**Exercise data**:
== Segment start ==

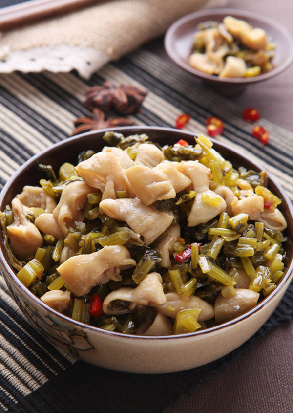 Dưa chua được xào cùng lòng non là món ăn dân dã của người Việt nhưng chưa khi nào trở nên nhàm chán trong mâm cơm gia đình. Đây là món ăn hài hòa về hương vị, tạo sự ngon miệng khi ăn cùng cơm nóng nữa.
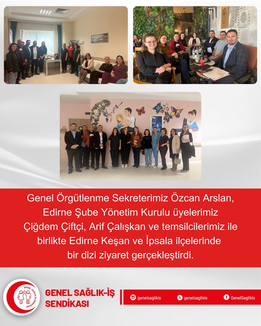 Genel Örgütlenme Sekreterimiz Özcan Arslan, Edirne Şube Yönetim Kurulu üyelerimiz Çiğdem Çiftçi, Arif Çalışkan ve temsilcilerimiz ile birlikte Edirne Keşan ve İpsala ilçelerinde bir dizi ziyaret gerçekleştirdi.
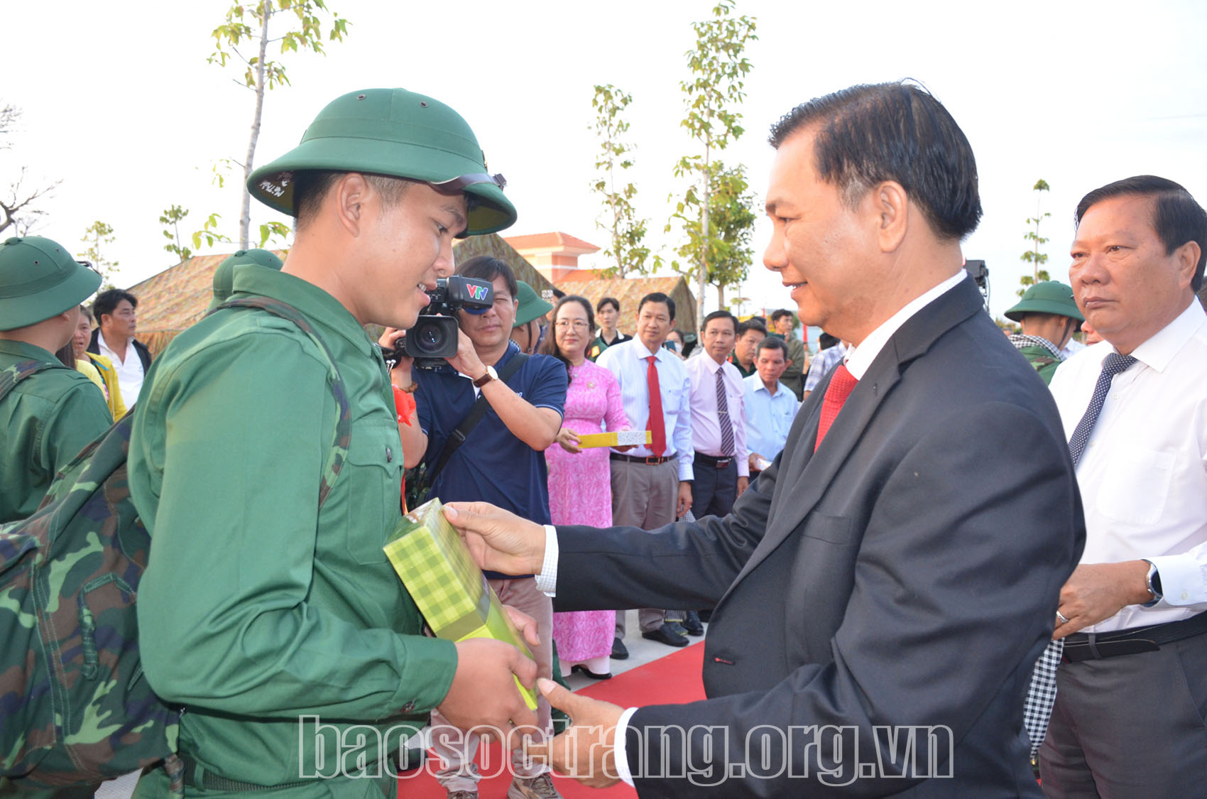 Đồng chí Hồ Thị Cẩm Đào - Phó Bí thư Thường trực Tỉnh ủy, Chủ tịch HĐND tỉnh Sóc Trăng tặng quà động viên thanh niên lên đường nhập ngũ. Ảnh: MỸ LINH
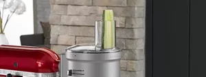 Get processing with your KitchenAid Stand Mixer. The Food Processor Attachment simply attaches to the hub of your stand mixer to slice, shred and julienne your favorite fruits, vegetables and hard cheeses. The exclusive ExactSlice™ System allows you to slice from thick to thin with one slide of the lever.

== Segment end ==

**Work instructions**: Copy word for word every line from the start of the material through the line holding "Genel Örgütlenme Sekreterimiz". The pictures are not part of the copy.

**Answer to this task**:
 Dưa chua được xào cùng lòng non là món ăn dân dã của người Việt nhưng chưa khi nào trở nên nhàm chán trong mâm cơm gia đình. Đây là món ăn hài hòa về hương vị, tạo sự ngon miệng khi ăn cùng cơm nóng nữa.
 Genel Örgütlenme Sekreterimiz Özcan Arslan, Edirne Şube Yönetim Kurulu üyelerimiz Çiğdem Çiftçi, Arif Çalışkan ve temsilcilerimiz ile birlikte Edirne Keşan ve İpsala ilçelerinde bir dizi ziyaret gerçekleştirdi.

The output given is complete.